## Instructions for the task
Write the data below out exactly as it stands. Do not include the pictures.

━━ Data below ━━

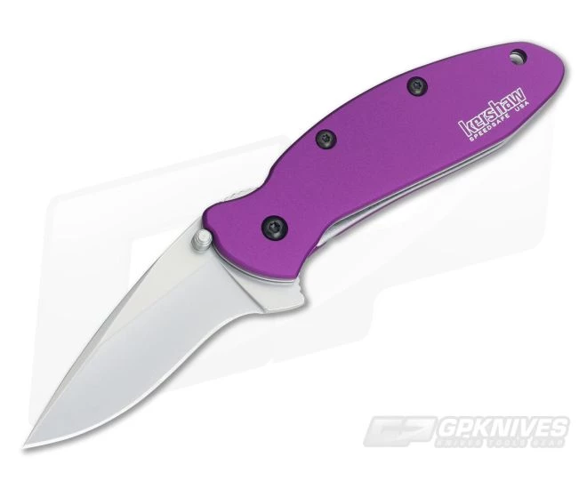 This Kershaw Scallion features a Bead-Blasted 420HC stainless steel blade and deep jewel tone Purple anodized 6061-T6 aluminum handle. Dual thumb studs and flipper for easy opening. SpeedSafe assisted opening with liner lock and safety tip lock. Stainless steel tip-down pocket clip. Brand new direct from Kershaw Knives.
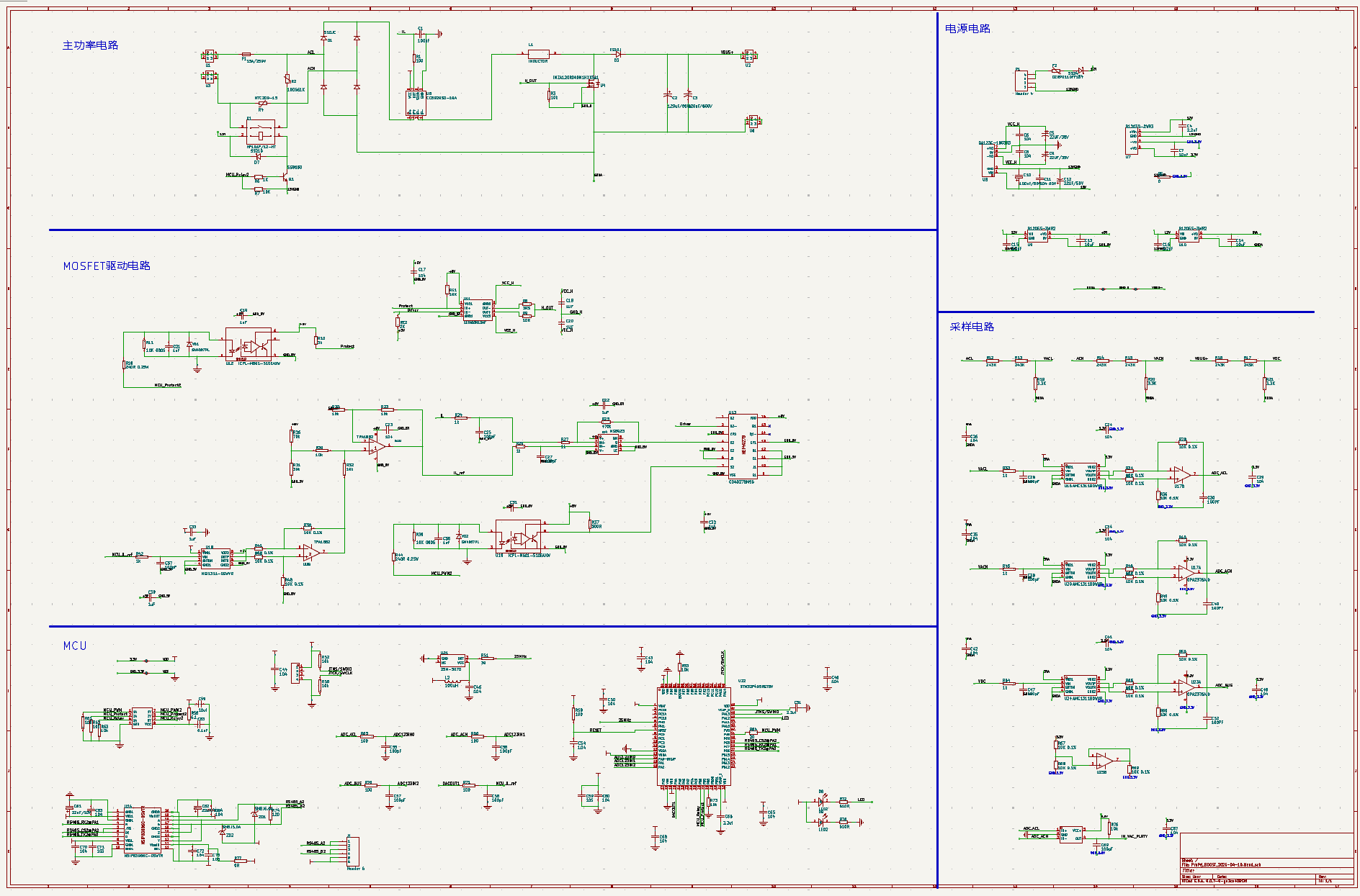 整个电路分为主功率电路,MOSFET驱动电路,辅助电源,采样电路,MCU控制电路5个部分。
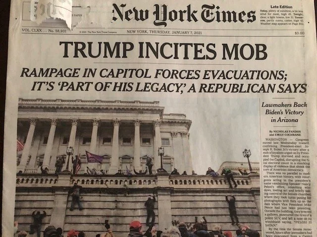 UPDATE, January 11: I thought I might do readers a favor and read all the way through that NYT article with the headline “Trump Incites Mob,” to see if they ever quote any words that constitute the supposed “incitement.”In the whole very long article, the entirety of direct quotation from Trump’s pre-riot speech is found in this one paragraph:
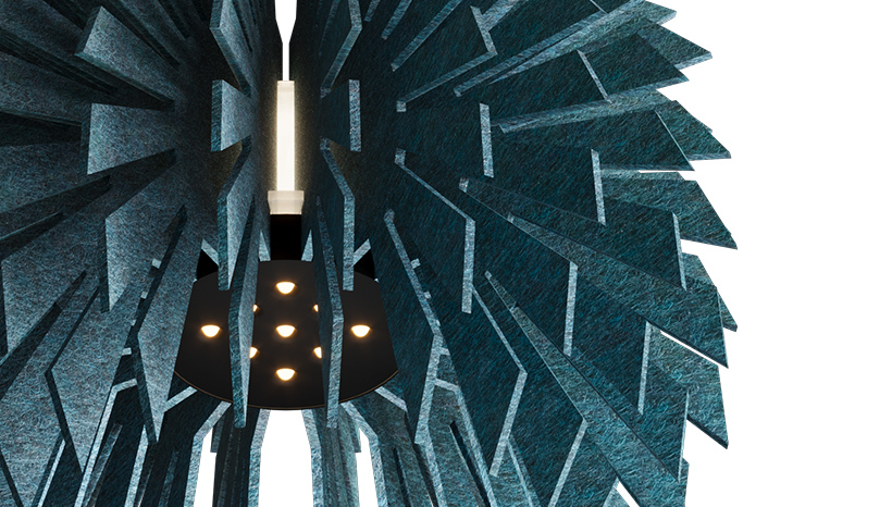 FarbenMone ist eine hochleistungsfähige Akustikleuchte, die außergewöhnliche Schallabsorption mit fortschrittlichen Beleuchtungsfunktionen kombiniert. Ihr markanter, gerippter Lampenschirm beherbergt eine Multicone-Lichtquelle, die eine fokussierte Spotlight-Beleuchtung bietet. Das Design wird durch eine stimmungsvolle Ambiente-Beleuchtung in drei Farbvarianten ergänzt, die die geschichtete Filzstruktur sanft hervorhebt und ihr zusätzliche visuelle Eleganz verleiht. Mone ist in vier Varianten erhältlich und bietet Individualisierungsmöglichkeiten in einer breiten Palette von Farben und Formen, passend für eine Vielzahl offener Räume.

━━━

## Completed task
 This Kershaw Scallion features a Bead-Blasted 420HC stainless steel blade and deep jewel tone Purple anodized 6061-T6 aluminum handle. Dual thumb studs and flipper for easy opening. SpeedSafe assisted opening with liner lock and safety tip lock. Stainless steel tip-down pocket clip. Brand new direct from Kershaw Knives.
 整个电路分为主功率电路,MOSFET驱动电路,辅助电源,采样电路,MCU控制电路5个部分。
 UPDATE, January 11: I thought I might do readers a favor and read all the way through that NYT article with the headline “Trump Incites Mob,” to see if they ever quote any words that constitute the supposed “incitement.”In the whole very long article, the entirety of direct quotation from Trump’s pre-riot speech is found in this one paragraph:
 FarbenMone ist eine hochleistungsfähige Akustikleuchte, die außergewöhnliche Schallabsorption mit fortschrittlichen Beleuchtungsfunktionen kombiniert. Ihr markanter, gerippter Lampenschirm beherbergt eine Multicone-Lichtquelle, die eine fokussierte Spotlight-Beleuchtung bietet. Das Design wird durch eine stimmungsvolle Ambiente-Beleuchtung in drei Farbvarianten ergänzt, die die geschichtete Filzstruktur sanft hervorhebt und ihr zusätzliche visuelle Eleganz verleiht. Mone ist in vier Varianten erhältlich und bietet Individualisierungsmöglichkeiten in einer breiten Palette von Farben und Formen, passend für eine Vielzahl offener Räume.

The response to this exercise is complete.